Article ID: | iaor20073852 |
Country: | United Kingdom |
Volume: | 34 |
Issue: | 3 |
Start Page Number: | 799 |
End Page Number: | 816 |
Publication Date: | Mar 2007 |
Journal: | Computers and Operations Research |
Authors: | Gu Tianlong, Xu Zhoubo |
The maximum flow problem is one of the classic combinatorial optimization problems with many applications, such as electrical powers, traffics, communications, computer networks and logistics. The problem is to find a flow of maximum value on a network from a source to a sink. Ordered binary decision diagram (OBDD) is a canonical form to represent and manipulate the Boolean functions efficiently. OBDD-based symbolic algorithms appear to give improved results for large-scale combinatorial optimization problems by searching the nodes and edges implicitly. For the maximum flow problem in networks, we present the symbolic algebraic decision diagram (ADD) formulation and symbolic algorithms.

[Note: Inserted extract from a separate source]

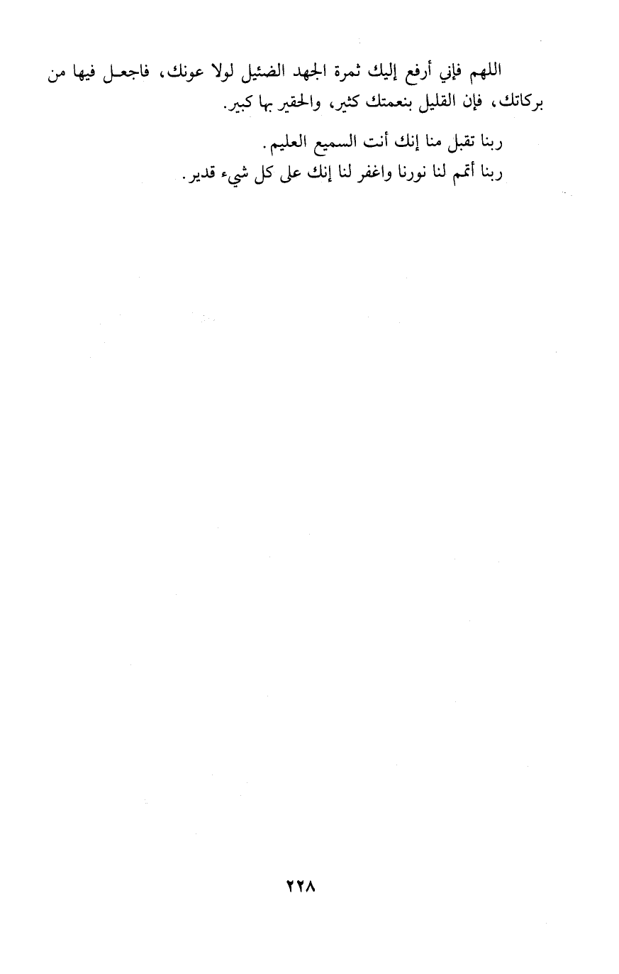 اللهم فإني أرفع إليك ثمرة الجهد الضئيل لولا عونك، فاجعل فيها من بركاتك، فإن القليل بنعمتك كثير، والحقير بها كبير.
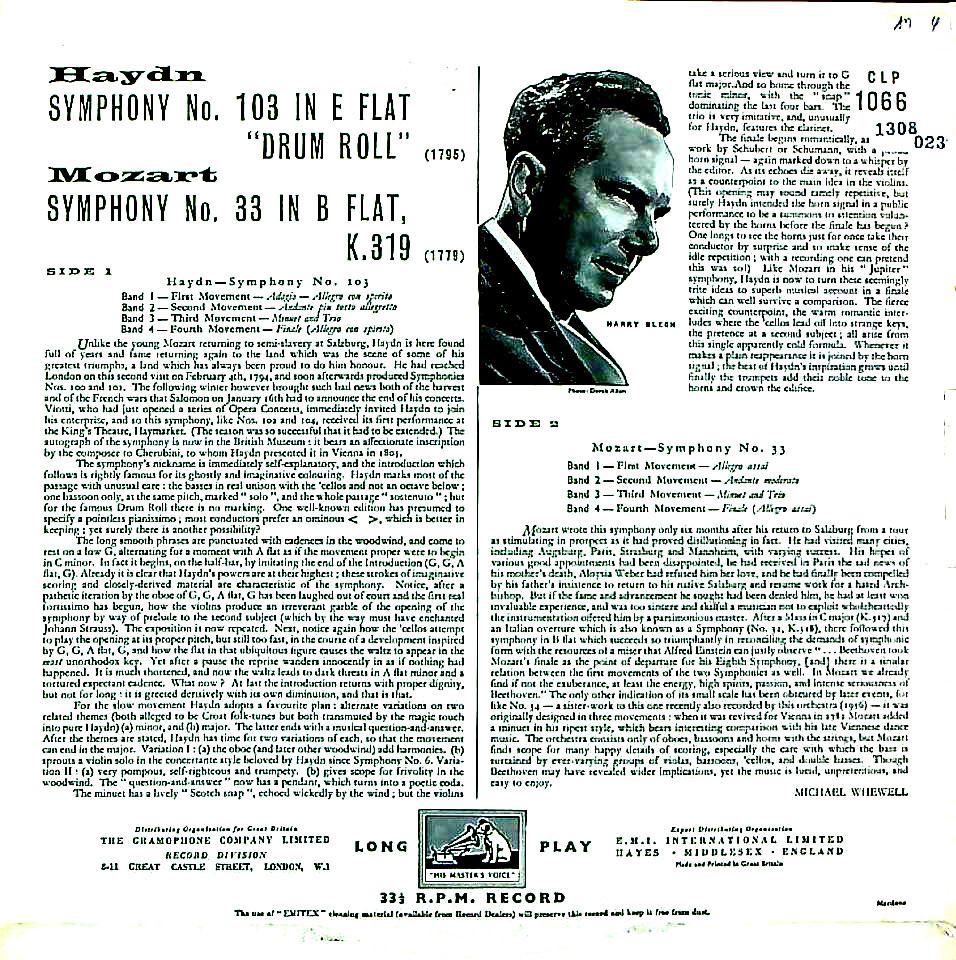 商品コード:1308-023n[His Master's Voice ] H.ブレック指揮ロンドン・モーツァルト・プレイヤーズ / モーツァルト:交響曲33番K.319, ハイドン:交響曲103番「太鼓連打」

The augmenting-path-based symbolic algorithm is the combination of the Gabow's scaling algorithm with the binary decision diagram (BDD)-based symbolic algorithm for the maximum flow in 0–1 networks. The Karzanov's algorithm is implemented implicitly, resulting in the preflow-based symbolic algorithm (PSA), in which the vertices on each layer of the layered networks are partitioned by the vertex's input preflow and the total capacity of its outgoing edges, and the edges to push or pull the preflow are selected in terms of the priority function. The improved PSA is developed by integrating the heuristic of Traff's algorithm and the assistant layered networks into the PSA. The symbolic algorithms do not require explicit enumeration of the nodes and edges, and therefore can handle large-scale networks.